See the rest of the thread

----------

## miraceti

 *NeddySeagoon wrote:*   

> miraceti,
> 
> libata migration guide
> 
> There seems to be some anecdotal evidence that you need to rebuild hal too.  
> ...

 

It seems to be valuable. I downloaded Gentoo Ten Live DVD 10.1 but I am stucked on https://bugs.gentoo.org/288868 . It seems the mdev hangs up because some module was loaded. When I uses "nodetect" option, detection is skipped and mdev starts. But there is no cdrom device for booting in this, of course. I assume it would help to choose manually the modules I need but I have no idea which ones.

How can I fix this?

I have an MSI K7N420 Pro nForce Motherboard.

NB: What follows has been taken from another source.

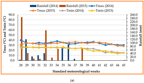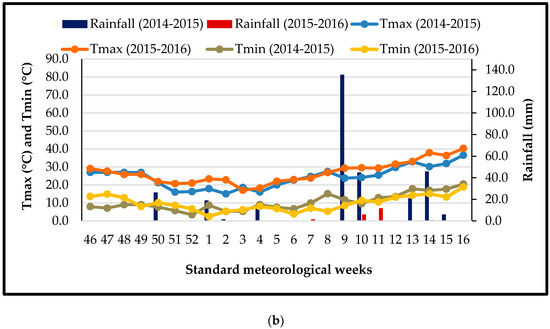 (a) Weekly meteorological data for the Kharif seasons maize crop (2014 and 2015); (b) Weekly meteorological data for the Rabi seasons wheat crop (2014–2015 and 2015–2016).

I do not need anything else to do with the Live DVD than boot and fix the original problem. That means I do not probably need USB, sound, graphics (VESA must be enough) to be working.

----------

## idella4

miraceti,

From your description it seems you can't do anything.  Is the 10.1 dvd usable or not?

What do you have working such as the system with which you can post?, a windows, another linux??

Can you not use the kernel config from the former 2.6.28 to cite which devices need addressing?

----------

## NeddySeagoon

miraceti,

After the eror, you should see a message like Press Ctrl-D to continue or give the root password for maintainece.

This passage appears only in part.